The question: Are they among the 400 children of victims of the military dictatorship who still remain unaccounted for?

The intense emotions surrounding the case show that Argentina is still struggling to recover from the trauma of the internal conflict from 1976 to 1983, when 10,000 to 30,000 people disappeared and are presumed to have been killed by the military junta. Newborns and infants of slain prisoners were commonly put up for adoption.

The current drama centers on Marcela and Felipe Noble Herrera, the adopted children of Ernestina Herrera de Noble, owner of the Clarin media conglomerate. The process of matching DNA samples taken from the siblings’ clothing and toiletries with samples taken from dirty-war victims in the National Genetic Data Bank began Monday. Results are expected within a month.

Advocates for victims of the junta, including the Grandmothers of the Plaza of May, have contended that all adoptive children from the era should be tested and their records be stored in the data bank so that families can be reunited or attain closure on the decades-old disappearances.

The Grandmothers, who get their name from the Buenos Aires plaza where they protested over the missing children of their slain sons and daughters, estimate that 400 of the 500 offspring still have not been found.

But Marcela and Felipe Noble Herrera have said they do not want to find out who are their biological parents, and did not give blood samples to a court-approved lab. Acting under a law passed last year requiring submission of genetic samples in dirty-war cases, police last month raided their family home to seize underwear and toothbrushes from which DNA samples were taken.

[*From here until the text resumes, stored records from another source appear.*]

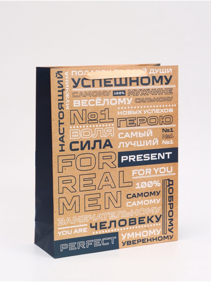 Пакет подарочный вертикальный «Настоящий мужчина», 31×40×14 см
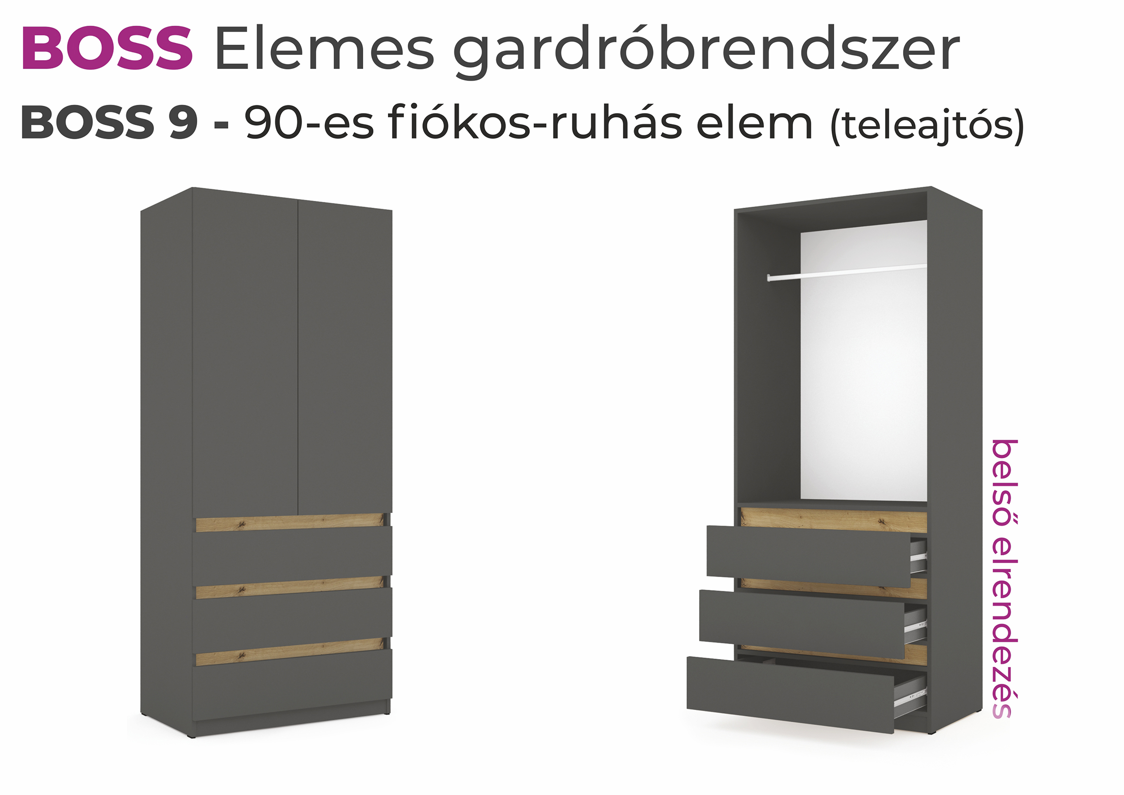 BOSS9-fiókos ruhás elem 90 cm (teleajtós): 87 000 Ft
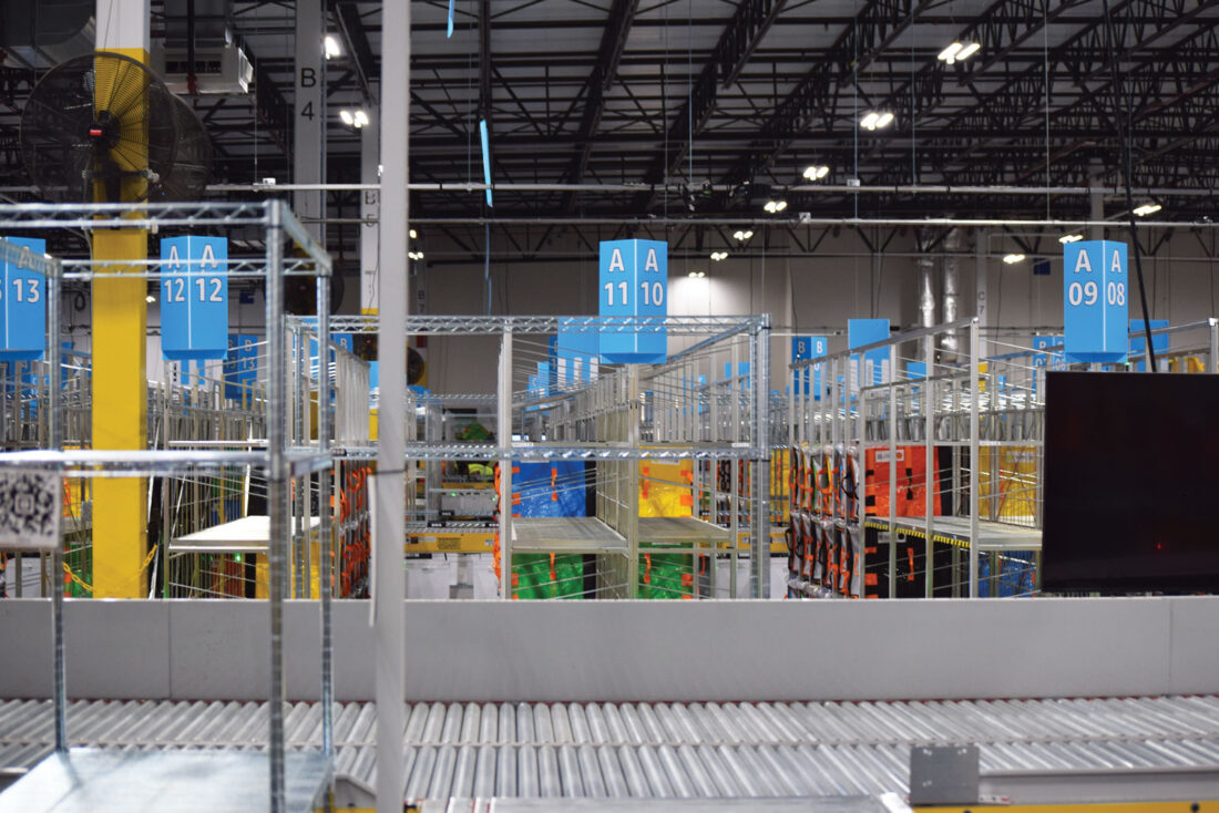 A section of the Davisville Amazon facility with marked aisles for associates to categorize packages. (Photo by Amber Phipps)

Both alleged that they were humiliated by police in the May 28 raid by having to strip before seven officials. “They are trying to break us emotionally,” Felipe Noble Herrera told reporters.

The family’s attorney, Gabriel Cavallo, told reporters Monday that the tests were bound to be tainted, whatever the result, because of the lack of sufficient genetic material from dirty-war victims.

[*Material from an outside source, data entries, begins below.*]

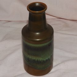 En keramikvas med en unik design. Vasen har en rektangulär form med en smal hals. Glasyren är i nyanser av brunt och beige, med en texturerad yta som ger ett rustikt intryck. Den mörka glasyren flyter ner över den ljusare basen, vilket skapar ett konstnärligt mönster. Vasen är ett dekorativt inslag i hemmet.
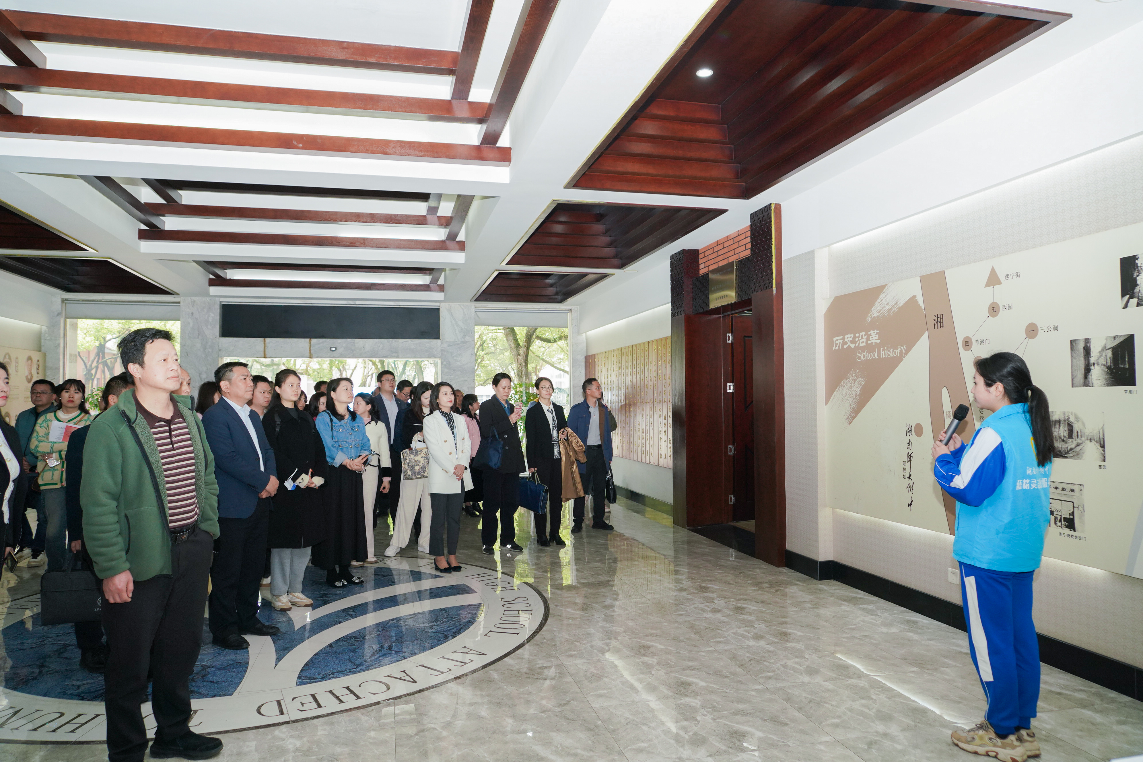 上午会议结束后,与会人员在“蓝精灵”志愿者的带领下参观校园。学校文明校园建设、青少年活动阵地、志愿服务活动令人欣喜。在我校学生、湖南“新时代好少年”罗启成的带领下,观摩人员感受着红色附中校本德育的鲜明特色,惊讶于学校攀登广场攀登碑上密密麻麻的获奖榜,惊艳于拥有11间功能室的学校“心理发展中心”的“护心”研究与实践。我校自2017年获评“第一届全国文明校园”以来,连续六年接受测评复查分数均位列湖南省中小学校第一。建校118年来,我校始终流淌着志存高远、公心至上的血液,引导学生扣好人生第一粒扣子,用家国情怀浸润附中学子的成长。
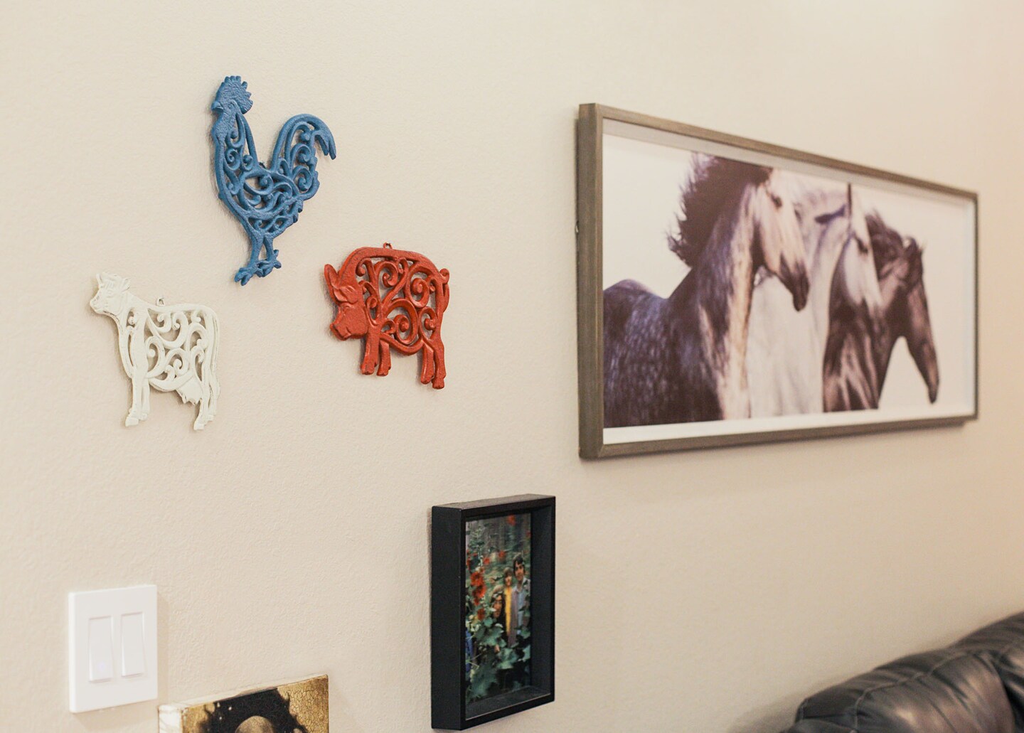 Set of 3 Cast Iron Farm Animal Kitchen Trivets Wall Hanging Art Rooster Cow Pig

However, Estela de Carlotto, president of the Grandmothers group, issued a statement Monday saying, “Let’s wait for the tests to see if they are relevant or not.” She accused Herrera de Noble of obstructing the DNA testing to hide the provenance of her adopted children.

Herrera de Noble, whose husband died before the adoption, has said that Marcela was left on her doorstep in May 1976 and that she received Felipe a month later. The Grandmothers group has said it believes the children are orphans of people “disappeared” in the dirty war.

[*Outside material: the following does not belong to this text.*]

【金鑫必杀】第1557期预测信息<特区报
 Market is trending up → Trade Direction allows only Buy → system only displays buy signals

Herrera de Noble’s media group is one of South America’s largest, with Clarin newspaper as its centerpiece. The business also includes radio, TV and cable operations. She says the case has been politicized because of the paper’s editorial criticism of President Cristina Fernandez de Kirchner and sensationalized by La Nacion, the competing daily newspaper in Buenos Aires, the capital.

Herrera de Noble was briefly jailed by a judge in 2002 because of an alleged failure to obey his rulings.

Argentina’s Congress passed the law last year forcing all principals in dirty-war paternity cases to submit to genetic testing. If the people involved refuse to give blood samples, the police have the right to raid and search private residences and offices for DNA samples.

In December, Marcela and Felipe Noble Herrera gave blood samples to a separate court lab, with the stipulation that the results be compared only with DNA provided by two families that say they are relatives of their biological parents. They also stipulated that the samples not be given to the National Genetic Data Bank, which they say is unreliable and overly politicized.

D’Alessandro and Kraul are special correspondents. D’Alessandro reported from Buenos Aires and Kraul from Bogota.